Солнце встает с востока. 51. После 28 февраля

Терентьев Анатолий
Возмущению Туренина не было предела, он так и брызгал слюной, пока они не подошли к дому Галины Семеновны. Дом в начале большой ямы (ямины), где на ее дне по обе стороны улицы сбились в кучу преимущественно убогие домишки вперемешку с сараями вдоль заборов и горами сваленного хлама в узких и грязных двориках, но были и большие дома; там был и дом Туренина.

Галина Семеновна – подружка Нины Николаевны. Она седая со стрижкой правильной формы, вроде, каре под вязаным зеленым, украшенным тусклыми пластмассками беретом, в темной стеганой куртке до колен и уже много лет одних и тех же черных зауженных книзу брючках, лицо старческое, сморщенное, в глазах выражение тоски и печали. «Ей восемьдесят пять лет, а она все такая же бодрая, как десять лет назад. Представляешь,  две недели назад я видела ее на базаре», - сказала Нина Николаевна. «Молодец», - ответил ей Туренин. «Так вот», - хотела закончить она. Но он ее перебил: «Что-то не видно ее Саши. Наверное, умер». «Жив, жив твой Саша. Недавно встретила его. Он уже со мной здоровается. Сказал: «Здравствуйте», - и улыбнулся», - подхватив его слова о Саше, рассказала Нина Николаевна. «Ха. Улыбнулся. С Сашей интересно. С ним есть, о чем поговорить»,-  возбудился тут Туренин. «Пьяница, как твой Борька, - отдернула его Нина Николаевна. – Я хотела сказать... Ты меня перебил».

Саша жил с Галиной Семеновной во второй половине дома и досаждал ей разговорами о том, что она многим обязана ему, не всегда уточняя, чем именно, но иногда все же его прорывало: мол, ты мне должна пристроить веранду, такую,  как у тебя. «С какой стать?» - спрашивала Туренина Нина Николаевна. «Есть кто-то, кто настраивает его против тетки», - отвечал ей Туренин.

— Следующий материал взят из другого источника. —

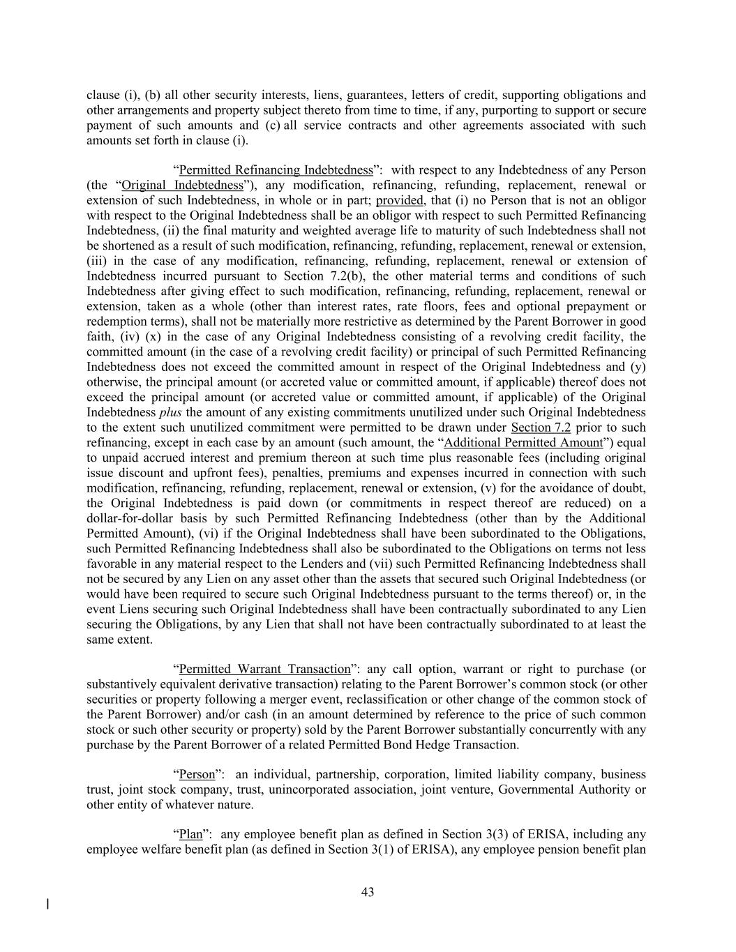 clause (i), (b) all other security interests, liens, guarantees, letters of credit, supporting obligations and other arrangements and property subject thereto from time to time, if any, purporting to support or secure payment of such amounts and (c) all service contracts and other agreements associated with such amounts set forth in clause (i). “Permitted Refinancing Indebtedness”: with respect to any Indebtedness of any Person (the “Original Indebtedness”), any modification, refinancing, refunding, replacement, renewal or extension of such Indebtedness, in whole or in part; provided, that (i) no Person that is not an obligor with respect to the Original Indebtedness shall be an obligor with respect to such Permitted Refinancing Indebtedness, (ii) the final maturity and weighted average life to maturity of such Indebtedness shall not be shortened as a result of such modification, refinancing, refunding, replacement, renewal or extension, (iii) in the case of any modification, refinancing, refunding, replacement, renewal or extension of Indebtedness incurred pursuant to Section 7.2(b), the other material terms and conditions of such Indebtedness after giving effect to such modification, refinancing, refunding, replacement, renewal or extension, taken as a whole (other than interest rates, rate floors, fees and optional prepayment or redemption terms), shall not be materially more restrictive as determined by the Parent Borrower in good faith, (iv) (x) in the case of any Original Indebtedness consisting of a revolving credit facility, the committed amount (in the case of a revolving credit facility) or principal of such Permitted Refinancing Indebtedness does not exceed the committed amount in respect of the Original Indebtedness and (y) otherwise, the principal amount (or accreted value or committed amount, if applicable) thereof does not exceed the principal amount (or accreted value or committed amount, if applicable) of the Original Indebtedness plus the amount of any existing commitments unutilized under such Original Indebtedness to the extent such unutilized commitment were permitted to be drawn under Section 7.2 prior to such refinancing, except in each case by an amount (such amount, the “Additional Permitted Amount”) equal to unpaid accrued interest and premium thereon at such time plus reasonable fees (including original issue discount and upfront fees), penalties, premiums and expenses incurred in connection with such modification, refinancing, refunding, replacement, renewal or extension, (v) for the avoidance of doubt, the Original Indebtedness is paid down (or commitments in respect thereof are reduced) on a dollar-for-dollar basis by such Permitted Refinancing Indebtedness (other than by the Additional Permitted Amount), (vi) if the Original Indebtedness shall have been subordinated to the Obligations, such Permitted Refinancing Indebtedness shall also be subordinated to the Obligations on terms not less favorable in any material respect to the Lenders and (vii) such Permitted Refinancing Indebtedness shall not be secured by any Lien on any asset other than the assets that secured such Original Indebtedness (or would have been required to secure such Original Indebtedness pursuant to the terms thereof) or, in the event Liens securing such Original Indebtedness shall have been contractually subordinated to any Lien securing the Obligations, by any Lien that shall not have been contractually subordinated to at least the same extent. “Permitted Warrant Transaction”: any call option, warrant or right to purchase (or substantively equivalent derivative transaction) relating to the Parent Borrower’s common stock (or other securities or property following a merger event, reclassification or other change of the common stock of the Parent Borrower) and/or cash (in an amount determined by reference to the price of such common stock or such other security or property) sold by the Parent Borrower substantially concurrently with any purchase by the Parent Borrower of a related Permitted Bond Hedge Transaction. “Person”: an individual, partnership, corporation, limited liability company, business trust, joint stock company, trust, unincorporated association, joint venture, Governmental Authority or other entity of whatever nature. “Plan”: any employee benefit plan as defined in Section 3(3) of ERISA, including any employee welfare benefit plan (as defined in Section 3(1) of ERISA), any employee pension benefit plan 43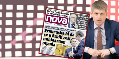 Tako je sada na naslovnoj strani lista "Nova" objavljeno da će Francuska u Srbiji da skladišti nuklearni otpad i da predsednik Emanuel Makron zbog toga dolazi u posetu našoj zemlji.

Такой Саша Нине Николаевне не нравился. Она тут же вставала на сторону Галины Семеновны, а Сашу наоборот ругала, мол, он нигде не работает (здесь она была неправа: тот работал сторожем), пьет водку и водит к себе друзей, известно каких, к этому надо добавить, что он не платит за отопление, да мало ли еще такого, что надо сделать, но он не делает, а если делает, то во вред себе и другим чего. Поэтому упрекал тетку еще и в том, что она на него всем жалуется, при этом имея в виду именно Нину Николаевну. То, что он начал с ней здороваться – новость. Хотя должен был сердиться на нее и обходить ее стороной. Но тут одно «но». Он, может, и сердился бы на нее, если б она не была женой Туренина.

В прошлом году после сентября он исчез. Опять Туренин ныл: «Где Саша? Саши нет», - и дальше в том же духе, что, наверное, умер. Тогда он почти попал в точку, то есть Саша мог умереть: его тошнило, он рвал, у него вздулся живот, ужасная боль под ребром не давала ему покоя ни днем, ни ночью. Он еще некоторое время храбрился (воображал) перед теткой: мол, я уже пожил, можно и умереть - но когда боль стала невыносимой, разрешил вызвать скорую помощь. Деньги платила Галина Семеновна. Нина Николаевна опять возмущалась: «Как это так. У него есть взрослые дочери». «Такой, видно, хороший папа», - в тон ей отвечал Туренин.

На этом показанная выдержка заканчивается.